Subgroup Definition and rationale
Age 35–44 years Older women (aged 35–44 years); to assess the impact of age on infertility.
Polygynous relationship (or do not know/missing) Women in a polygynous relationship (or with missing data), who may differ by the frequency of sexual activity with a partner or be at higher risk for sexually transmitted infections; as men in some sub-Saharan African cultures are justified in taking a second wife if his first is infertile.
Wants another birth soon Women who report wanting a birth between ‘now’ and within 9 months as a proxy for currently trying for a pregnancy.
Coital frequency >95x/yr Women who report higher coital frequency (≥95 acts of intercourse in the 12 months preceding the interview); to assess the impact of varied intensity of exposure to risk of pregnancy.
Correct knowledge of the fertile period Women who know chances of pregnancy are greatest halfway between two menstrual periods; to assess how knowledge of the fertile window impacts infertility.

Ethical approval

This paper is a secondary data analysis of publically available DHS data and did not require ethical approval.

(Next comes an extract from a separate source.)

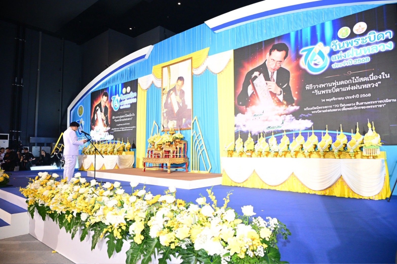 นายนเรศ ธำรงค์ทิพยคุณ รัฐมนตรีช่วยว่าการกระทรวงเกษตรและสหกรณ์ เป็นประธานพิธีวางพานพุ่มดอกไม้สดเนื่องใน “วันพระบิดาแห่งฝนหลวง ประจำปี 2568” เพื่อรำลึกถึงพระมหากรุณาธิคุณอันหาที่สุดมิได้ของ พระบาทสมเด็จพระบรมชนกาธิเบศร มหาภูมิพลอดุลยเดชมหาราช บรมนาถบพิตร และกล่าวรำลึกในพระมหากรุณาธิคุณ ที่พระองค์ทรงอุทิศพระวรกายและพระปรีชาสามารถในการคิดหาวิธีในการบังคับเมฆให้เกิดเป็นเม็ดฝน ที่ก่อให้เกิดประโยชน์ต่อการเกษตรและการบริหารจัดการทรัพยากรน้ำในชั้นบรรยากาศของประเทศมาตลอดระยะเวลา 70 ปีที่ผ่านมา พร้อมมอบรางวัลอาสาสมัครฝนหลวงดีเด่น ประจำปี 2568 จำนวน 5 รางวัล เพื่อเชิดชูบุคคลผู้มีส่วนสำคัญในการสนับสนุนภารกิจปฏิบัติการฝนหลวงทั่วประเทศ และเป็นการสร้างแรงบันดาลใจให้กับคนรุ่นใหม่ที่มีความสนใจเข้ามามีส่วนร่วมในการสืบสานพระราชปณิธานแห่งพระบิดาแห่งฝนหลวง พร้อมทั้งเปิดนิทรรศการ “70 ปีฝนหลวง สืบสานพระราชปณิธานพระบิดาแห่งฝนหลวง เพื่อพสกนิกรของพระราชา” โดยมี นายกฤษ อุตตมะเวทิน รองปลัดกระทรวงเกษตรและสหกรณ์ นายราเชน ศิลปะรายะ อธิบดีกรมฝนหลวงและการบินเกษตร พร้อมด้วยคณะผู้บริหาร หัวหน้าส่วนราชการ ข้าราชการ เจ้าหน้าที่กระทรวงเกษตรและสหกรณ์ ผู้แทนเหล่าทัพ ผู้แทนส่วนราชการต่าง ๆ รวมทั้งอาสาสมัครฝนหลวง เข้าร่วมในพิธี ณ Jewel Hall ชั้น 5 ศูนย์การค้าสยามพารากอน กรุงเทพมหานคร

All participants provided oral informed consent prior to the DHS interview (National Population Commission (NPC) [Nigeria] and ICF International, 2014).

Results

Sample characteristics

Table III displays characteristics of all women in the 2013 Nigeria DHS study, compared with those in our sample. The DHS included women aged 15–49 years, and we restricted the sample to ages 18–44 years; ~22% were 18–24 years, 41% were 25–34 years and 37% were 35–44 years. We also restricted to women who were currently married (98%) or living with a partner (2%). Our sample was more likely to be parous (12% of included versus 33% of excluded women had never borne children), to have no education (56% versus 34%), and to be illiterate (65% versus 42%). Most of our analytic sample reported living in a rural area (68%) and practicing Islam (69%), and most had never used contraception (92%) despite high awareness of modern contraceptive methods (79%). Only ~20% of women in either sample correctly identified the fertile period. Ever terminating a pregnancy was reported by 14% of our sample. Approximately ¼ of women (regardless of inclusion) were currently breastfeeding, and most (63–68%) were not in a polygynous relationship. Women in our analytic sample were more likely to want another child within the next 2 years (60% versus 17%), and the proportion of women whose husband wanted more children than her was similar regardless of inclusion (44% versus 39%). Women in our sample reported higher sexual frequency as compared with excluded women.

Table III.

Characteristics of women in the 2013 Nigeria DHS data set (total) and by eligibility for the CD sample.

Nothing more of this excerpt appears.